» **WHAT NEEDS TO BE DONE**: Pictures are to be skipped. Retype exactly the lines from the top of the material through the one with "Hugh and Andy as silly Easter bunnies", and only those.
# # # # #
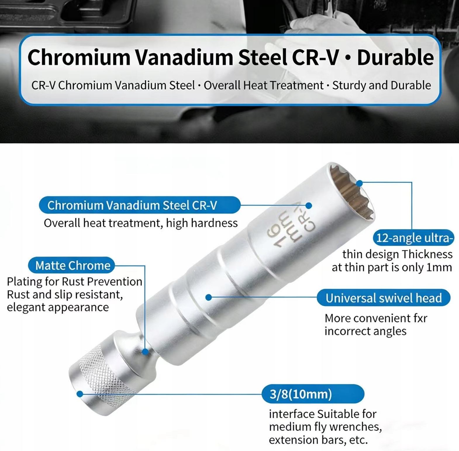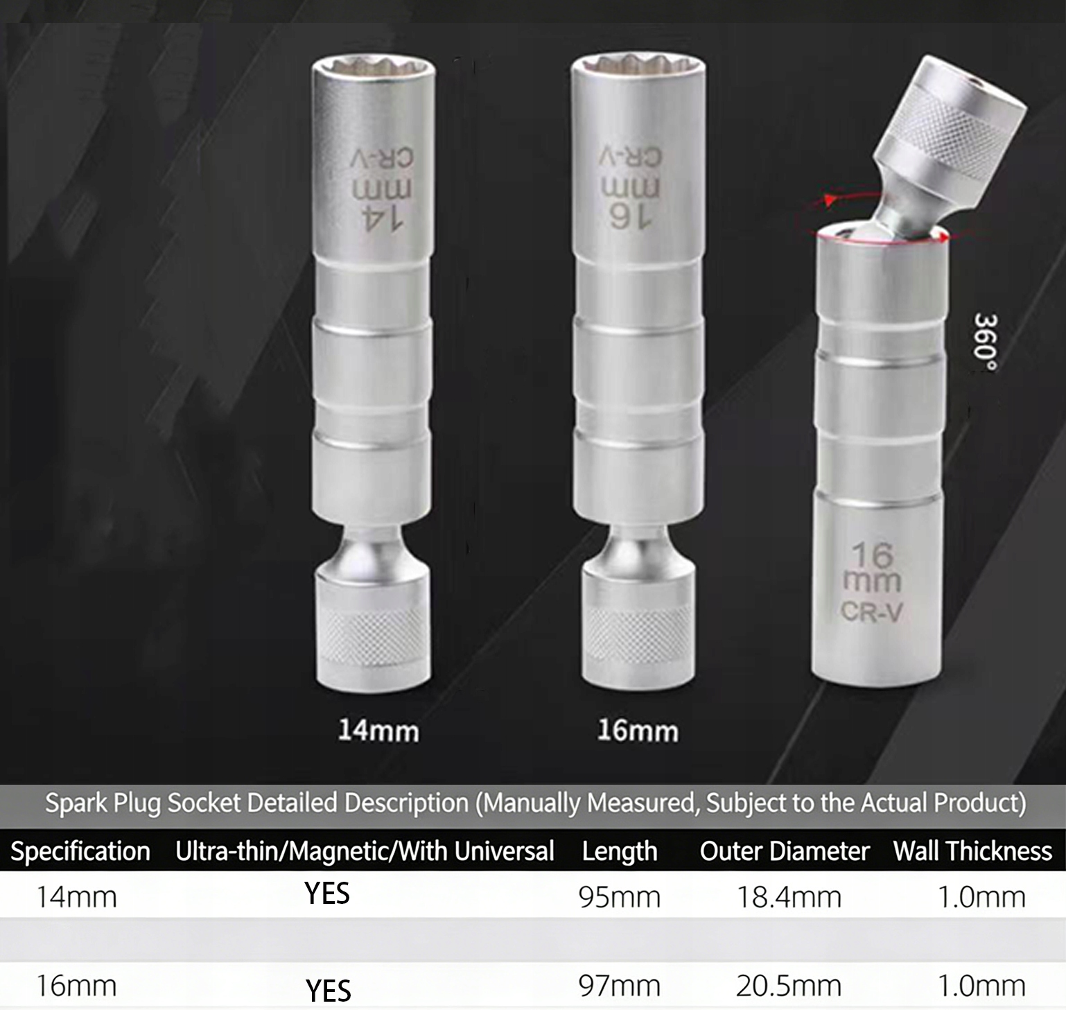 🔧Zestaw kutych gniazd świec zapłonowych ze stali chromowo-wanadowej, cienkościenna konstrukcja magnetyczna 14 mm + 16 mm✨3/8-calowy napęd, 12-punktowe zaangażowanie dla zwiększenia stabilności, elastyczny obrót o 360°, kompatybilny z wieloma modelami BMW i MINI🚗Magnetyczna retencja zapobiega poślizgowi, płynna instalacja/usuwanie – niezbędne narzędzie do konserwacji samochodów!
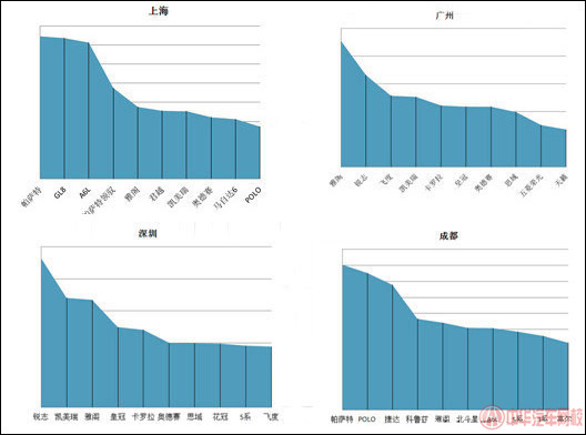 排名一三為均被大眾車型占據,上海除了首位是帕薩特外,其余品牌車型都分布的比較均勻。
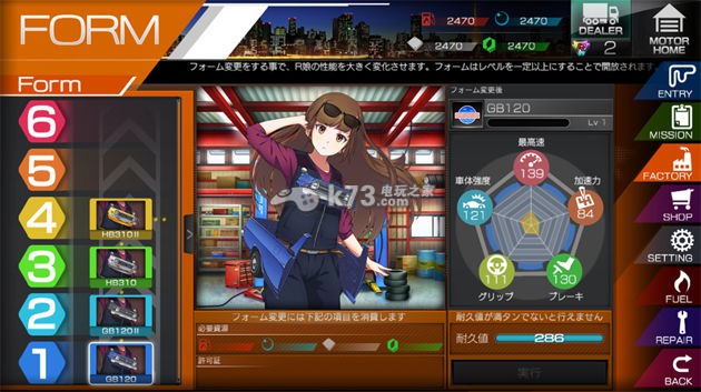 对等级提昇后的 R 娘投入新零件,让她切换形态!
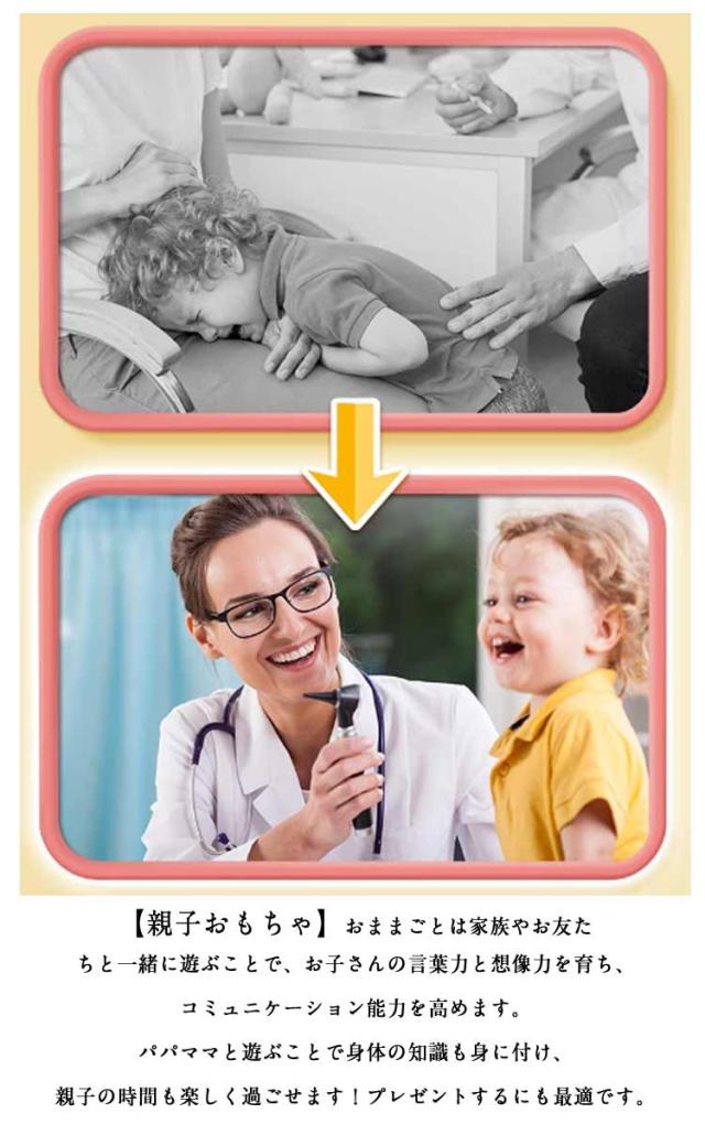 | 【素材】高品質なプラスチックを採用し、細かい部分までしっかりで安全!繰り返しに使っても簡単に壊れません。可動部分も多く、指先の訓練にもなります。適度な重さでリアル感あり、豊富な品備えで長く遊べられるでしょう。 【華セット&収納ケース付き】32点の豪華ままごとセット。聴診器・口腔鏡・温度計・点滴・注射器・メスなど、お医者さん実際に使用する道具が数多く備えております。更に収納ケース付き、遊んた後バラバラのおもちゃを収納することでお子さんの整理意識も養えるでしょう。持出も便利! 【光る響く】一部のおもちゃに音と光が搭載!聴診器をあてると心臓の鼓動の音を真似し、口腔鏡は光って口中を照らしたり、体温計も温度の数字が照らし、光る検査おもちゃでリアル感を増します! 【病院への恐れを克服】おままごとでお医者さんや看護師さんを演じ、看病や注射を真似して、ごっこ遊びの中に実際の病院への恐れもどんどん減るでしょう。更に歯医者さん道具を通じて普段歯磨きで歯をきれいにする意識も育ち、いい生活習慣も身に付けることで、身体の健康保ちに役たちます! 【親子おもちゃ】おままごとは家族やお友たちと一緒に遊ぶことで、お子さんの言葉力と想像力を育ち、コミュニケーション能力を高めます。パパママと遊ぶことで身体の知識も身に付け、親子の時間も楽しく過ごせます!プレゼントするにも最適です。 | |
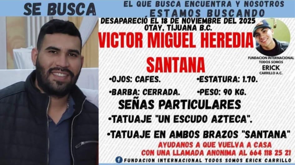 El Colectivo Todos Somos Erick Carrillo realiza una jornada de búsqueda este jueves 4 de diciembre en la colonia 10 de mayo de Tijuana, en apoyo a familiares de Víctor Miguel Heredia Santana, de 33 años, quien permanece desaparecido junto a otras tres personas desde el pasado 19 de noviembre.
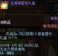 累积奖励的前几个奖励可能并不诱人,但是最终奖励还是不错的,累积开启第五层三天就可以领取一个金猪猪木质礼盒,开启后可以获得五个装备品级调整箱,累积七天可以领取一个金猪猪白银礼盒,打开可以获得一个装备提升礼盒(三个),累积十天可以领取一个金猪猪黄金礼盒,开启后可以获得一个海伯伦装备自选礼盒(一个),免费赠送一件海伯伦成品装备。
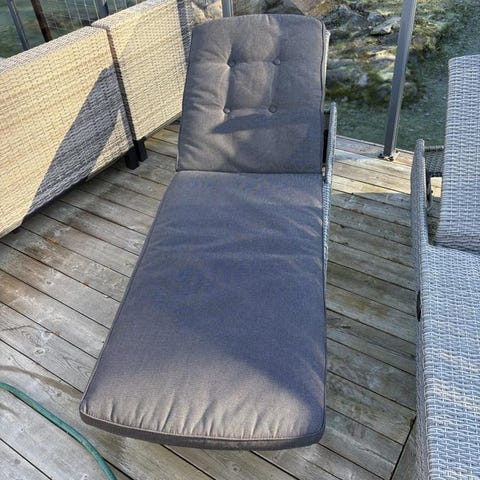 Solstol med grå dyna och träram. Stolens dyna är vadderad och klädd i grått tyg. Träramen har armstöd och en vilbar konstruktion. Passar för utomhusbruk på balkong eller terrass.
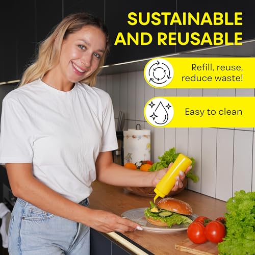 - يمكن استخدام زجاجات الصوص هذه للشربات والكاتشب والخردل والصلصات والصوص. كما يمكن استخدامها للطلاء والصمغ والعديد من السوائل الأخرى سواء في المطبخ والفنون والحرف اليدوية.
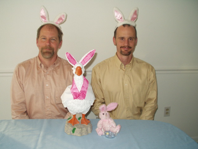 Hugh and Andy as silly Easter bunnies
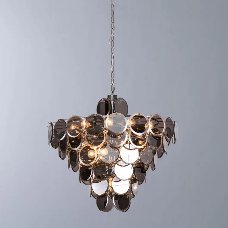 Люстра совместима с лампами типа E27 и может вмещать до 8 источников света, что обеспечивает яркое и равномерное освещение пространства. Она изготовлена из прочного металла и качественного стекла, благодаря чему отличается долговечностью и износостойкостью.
# # # # #
» **ANSWER SPACE**:
 🔧Zestaw kutych gniazd świec zapłonowych ze stali chromowo-wanadowej, cienkościenna konstrukcja magnetyczna 14 mm + 16 mm✨3/8-calowy napęd, 12-punktowe zaangażowanie dla zwiększenia stabilności, elastyczny obrót o 360°, kompatybilny z wieloma modelami BMW i MINI🚗Magnetyczna retencja zapobiega poślizgowi, płynna instalacja/usuwanie – niezbędne narzędzie do konserwacji samochodów!
 排名一三為均被大眾車型占據,上海除了首位是帕薩特外,其余品牌車型都分布的比較均勻。
 对等级提昇后的 R 娘投入新零件,让她切换形态!
 | 【素材】高品質なプラスチックを採用し、細かい部分までしっかりで安全!繰り返しに使っても簡単に壊れません。可動部分も多く、指先の訓練にもなります。適度な重さでリアル感あり、豊富な品備えで長く遊べられるでしょう。 【華セット&収納ケース付き】32点の豪華ままごとセット。聴診器・口腔鏡・温度計・点滴・注射器・メスなど、お医者さん実際に使用する道具が数多く備えております。更に収納ケース付き、遊んた後バラバラのおもちゃを収納することでお子さんの整理意識も養えるでしょう。持出も便利! 【光る響く】一部のおもちゃに音と光が搭載!聴診器をあてると心臓の鼓動の音を真似し、口腔鏡は光って口中を照らしたり、体温計も温度の数字が照らし、光る検査おもちゃでリアル感を増します! 【病院への恐れを克服】おままごとでお医者さんや看護師さんを演じ、看病や注射を真似して、ごっこ遊びの中に実際の病院への恐れもどんどん減るでしょう。更に歯医者さん道具を通じて普段歯磨きで歯をきれいにする意識も育ち、いい生活習慣も身に付けることで、身体の健康保ちに役たちます! 【親子おもちゃ】おままごとは家族やお友たちと一緒に遊ぶことで、お子さんの言葉力と想像力を育ち、コミュニケーション能力を高めます。パパママと遊ぶことで身体の知識も身に付け、親子の時間も楽しく過ごせます!プレゼントするにも最適です。 | |
 El Colectivo Todos Somos Erick Carrillo realiza una jornada de búsqueda este jueves 4 de diciembre en la colonia 10 de mayo de Tijuana, en apoyo a familiares de Víctor Miguel Heredia Santana, de 33 años, quien permanece desaparecido junto a otras tres personas desde el pasado 19 de noviembre.
 累积奖励的前几个奖励可能并不诱人,但是最终奖励还是不错的,累积开启第五层三天就可以领取一个金猪猪木质礼盒,开启后可以获得五个装备品级调整箱,累积七天可以领取一个金猪猪白银礼盒,打开可以获得一个装备提升礼盒(三个),累积十天可以领取一个金猪猪黄金礼盒,开启后可以获得一个海伯伦装备自选礼盒(一个),免费赠送一件海伯伦成品装备。
 Solstol med grå dyna och träram. Stolens dyna är vadderad och klädd i grått tyg. Träramen har armstöd och en vilbar konstruktion. Passar för utomhusbruk på balkong eller terrass.
 - يمكن استخدام زجاجات الصوص هذه للشربات والكاتشب والخردل والصلصات والصوص. كما يمكن استخدامها للطلاء والصمغ والعديد من السوائل الأخرى سواء في المطبخ والفنون والحرف اليدوية.
 Hugh and Andy as silly Easter bunnies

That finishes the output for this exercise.